Towards Performance Comparability: An Implementation of New Metrics into the ASReview Active Learning Screening Prioritization Software for Systematic Literature Reviews
Summary
Simulation-based Active Learning (AL) studies have demonstrated the potential of machine
learning methods in reducing manual screening workload in systematic literature reviews. The
second most used performance metric in this field is Work Saved Over Sampling (WSS), which
aims to measure the reduction in screening effort. A drawback of the WSS metric, however, is its
sensitivity to dataset class imbalance, which leads to biased performance comparisons across
datasets. In this light, two main features were added to the state-of-the-art and open-source
simulation software ASReview, which offers a unique infrastructure for testing different AL model
and feature extractor combinations across datasets. First, the confusion matrix was implemented
into the ASReview software, which was subsequently used to implement the True Negative Rate
(TNR), shown to be equal to the normalized WSS (Kusa et al., 2023).

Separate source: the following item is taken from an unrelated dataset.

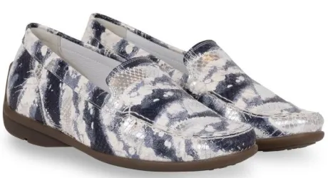 Instap schoen van Waldlaufer op een brede H wijdte in blauw met witte combinatie. De schoen is gemaakt op de originele mocassin maakwijze, waardoor die soepel met dragen is en een zachte neus heeft. Deze schoen heeft een uitneembaar voetbed en is daardoor geschikt voor uw eigen steunzool. ||Waldlaufer is een Duits merk. Kenmerkend is dat ze licht zijn van gewicht en zacht van leer. Ze maken verschillende wijdtematen en meestal zijn de voetbedden uitneembaar. Waldlaufer koop je online bij ruttenschoenen.nl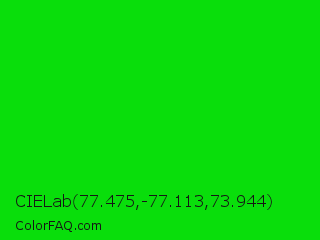 CIELab 77.475,-77.113,73.944 Color is a normal green color and the nearest color is Green #00ff00. Hex code #09de0b and RGB value is rgb(9,222,11). In RGB color space, this color is composed of 4% red, 87% green, 4% blue, In CMYK color space, this color is composed of 96% cyan, 0% magenta, 95% yellow , 13% black , In HSL color space, this color has a hue angle of 121° , 92% saturation and 45% lightness.

These advancements,
previously absent in the software, represent a step towards achieving a more comprehensive
understanding of AL performance in SLR tasks. Specifically, the adjustment for class imbalance
facilitates further study of data characteristics related to model performance beyond class
imbalance. This enhanced understanding enables researchers and practitioners to make more
informed decisions in selecting and fine tuning AL models, ultimately leading to more efficient
screening in practice.